▸ Exercise prompt
For the material below, the expected output is exactly the lines between the line holding "Plåtburk med tre lådor." and the line holding "Este papel de", inclusive, with pictures left out.
===== Data shown =====
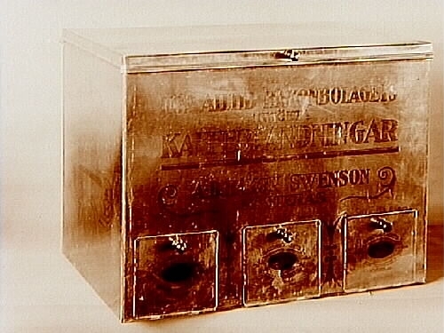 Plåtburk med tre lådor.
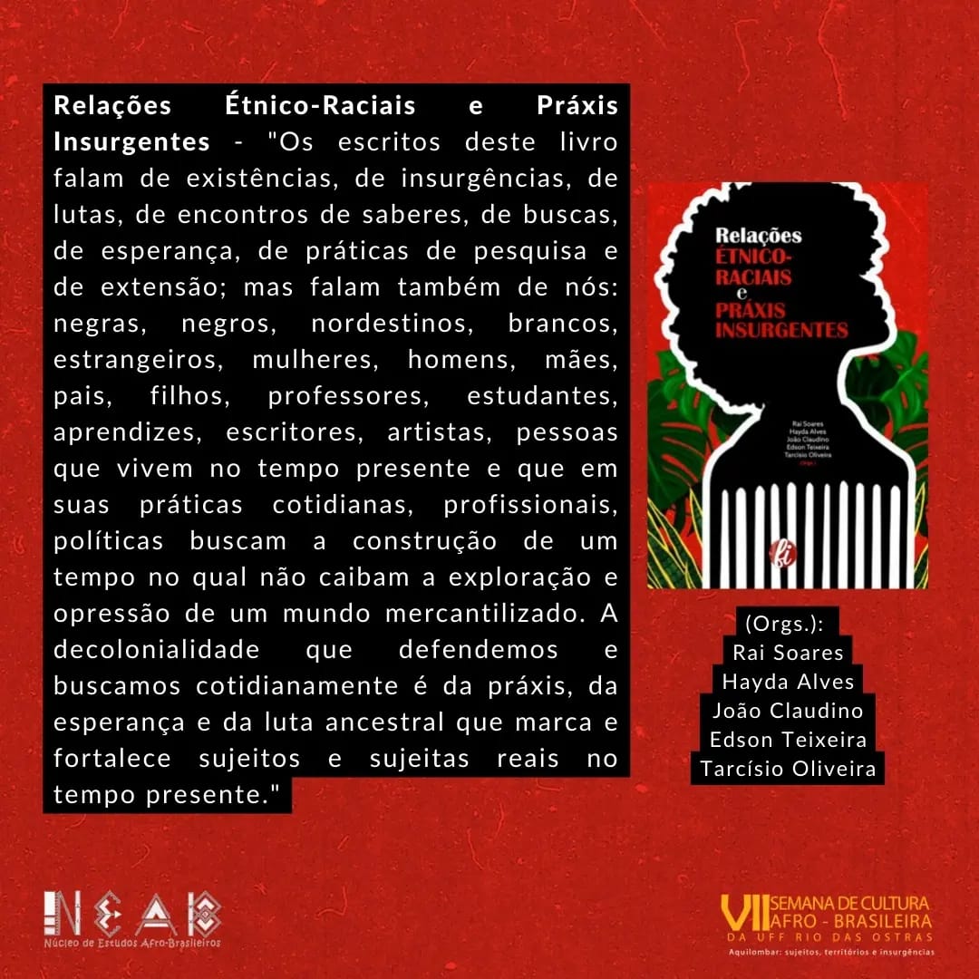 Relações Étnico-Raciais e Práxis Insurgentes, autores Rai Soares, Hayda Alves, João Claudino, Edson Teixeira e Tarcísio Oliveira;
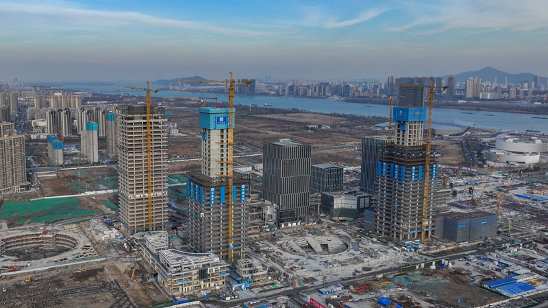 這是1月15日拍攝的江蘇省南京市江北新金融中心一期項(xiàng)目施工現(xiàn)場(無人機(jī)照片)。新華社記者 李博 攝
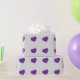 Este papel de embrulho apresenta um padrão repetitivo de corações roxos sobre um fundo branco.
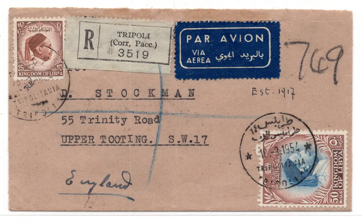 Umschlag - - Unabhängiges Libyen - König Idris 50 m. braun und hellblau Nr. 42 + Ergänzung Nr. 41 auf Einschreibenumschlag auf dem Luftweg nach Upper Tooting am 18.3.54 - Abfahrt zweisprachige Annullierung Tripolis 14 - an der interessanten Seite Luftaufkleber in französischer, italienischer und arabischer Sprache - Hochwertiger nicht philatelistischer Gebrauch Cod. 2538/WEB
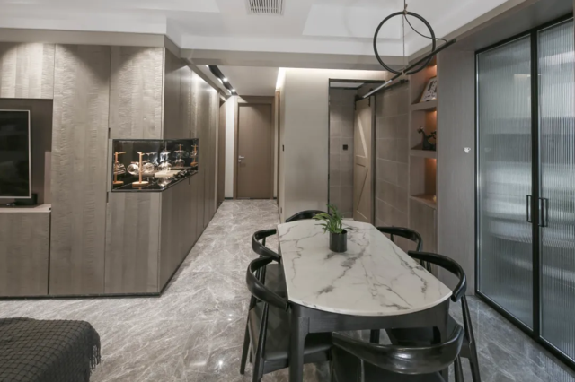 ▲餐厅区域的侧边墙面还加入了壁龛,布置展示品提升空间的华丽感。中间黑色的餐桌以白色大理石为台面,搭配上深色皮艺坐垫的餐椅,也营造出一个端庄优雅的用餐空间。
=====
===== Data shown =====
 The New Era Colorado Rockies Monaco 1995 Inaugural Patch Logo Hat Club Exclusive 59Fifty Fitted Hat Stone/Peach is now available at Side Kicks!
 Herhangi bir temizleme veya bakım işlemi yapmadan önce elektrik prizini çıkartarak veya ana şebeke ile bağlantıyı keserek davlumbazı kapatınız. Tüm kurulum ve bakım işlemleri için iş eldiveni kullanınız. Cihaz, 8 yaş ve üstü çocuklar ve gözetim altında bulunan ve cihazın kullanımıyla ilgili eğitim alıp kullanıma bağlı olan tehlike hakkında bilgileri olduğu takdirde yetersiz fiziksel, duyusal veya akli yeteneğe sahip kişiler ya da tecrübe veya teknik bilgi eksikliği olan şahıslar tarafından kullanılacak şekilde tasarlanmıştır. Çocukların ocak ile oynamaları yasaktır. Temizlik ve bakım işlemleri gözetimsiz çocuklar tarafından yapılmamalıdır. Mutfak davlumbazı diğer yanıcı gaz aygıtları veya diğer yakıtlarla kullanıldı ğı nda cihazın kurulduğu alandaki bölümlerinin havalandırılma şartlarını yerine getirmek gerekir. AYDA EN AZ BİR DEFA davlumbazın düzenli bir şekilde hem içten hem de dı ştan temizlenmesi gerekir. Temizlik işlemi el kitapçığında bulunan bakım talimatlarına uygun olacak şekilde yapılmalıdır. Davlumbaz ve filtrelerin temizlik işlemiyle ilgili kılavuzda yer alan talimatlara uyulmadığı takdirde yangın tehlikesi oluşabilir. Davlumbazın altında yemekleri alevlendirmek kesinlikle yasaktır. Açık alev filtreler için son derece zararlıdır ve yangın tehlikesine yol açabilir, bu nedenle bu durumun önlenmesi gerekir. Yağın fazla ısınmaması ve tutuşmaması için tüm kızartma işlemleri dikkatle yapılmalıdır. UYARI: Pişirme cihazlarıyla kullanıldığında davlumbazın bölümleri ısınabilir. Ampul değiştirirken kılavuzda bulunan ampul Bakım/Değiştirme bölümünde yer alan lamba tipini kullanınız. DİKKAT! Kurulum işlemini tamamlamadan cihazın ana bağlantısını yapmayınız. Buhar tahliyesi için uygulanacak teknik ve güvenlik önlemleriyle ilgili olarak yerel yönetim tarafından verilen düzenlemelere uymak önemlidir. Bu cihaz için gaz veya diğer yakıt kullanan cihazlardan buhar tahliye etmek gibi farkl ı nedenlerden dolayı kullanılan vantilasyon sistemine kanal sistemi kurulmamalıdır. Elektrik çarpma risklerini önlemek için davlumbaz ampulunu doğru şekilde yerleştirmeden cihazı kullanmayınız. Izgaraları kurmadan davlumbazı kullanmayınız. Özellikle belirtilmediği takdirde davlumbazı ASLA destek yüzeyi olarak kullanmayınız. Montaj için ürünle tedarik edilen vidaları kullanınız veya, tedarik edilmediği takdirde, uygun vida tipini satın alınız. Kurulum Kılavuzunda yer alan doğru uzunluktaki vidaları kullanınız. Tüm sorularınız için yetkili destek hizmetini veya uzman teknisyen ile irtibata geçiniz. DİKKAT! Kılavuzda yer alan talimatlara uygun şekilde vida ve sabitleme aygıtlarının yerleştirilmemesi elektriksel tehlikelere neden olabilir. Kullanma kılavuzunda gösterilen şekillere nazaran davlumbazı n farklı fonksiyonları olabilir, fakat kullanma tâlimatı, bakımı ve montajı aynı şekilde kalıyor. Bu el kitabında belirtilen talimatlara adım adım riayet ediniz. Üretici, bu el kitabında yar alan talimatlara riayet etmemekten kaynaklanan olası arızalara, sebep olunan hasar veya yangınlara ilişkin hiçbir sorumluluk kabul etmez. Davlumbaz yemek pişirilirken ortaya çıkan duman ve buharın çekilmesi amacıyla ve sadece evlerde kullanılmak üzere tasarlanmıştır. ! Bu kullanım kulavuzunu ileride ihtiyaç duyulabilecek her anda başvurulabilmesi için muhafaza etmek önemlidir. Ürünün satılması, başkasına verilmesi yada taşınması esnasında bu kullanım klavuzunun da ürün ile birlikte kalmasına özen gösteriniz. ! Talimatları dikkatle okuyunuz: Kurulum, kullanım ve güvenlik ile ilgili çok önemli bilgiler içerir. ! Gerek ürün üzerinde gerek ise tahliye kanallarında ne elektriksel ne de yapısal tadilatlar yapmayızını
=====
▸ Task response
 Plåtburk med tre lådor.
 Relações Étnico-Raciais e Práxis Insurgentes, autores Rai Soares, Hayda Alves, João Claudino, Edson Teixeira e Tarcísio Oliveira;
 這是1月15日拍攝的江蘇省南京市江北新金融中心一期項(xiàng)目施工現(xiàn)場(無人機(jī)照片)。新華社記者 李博 攝
 Este papel de embrulho apresenta um padrão repetitivo de corações roxos sobre um fundo branco.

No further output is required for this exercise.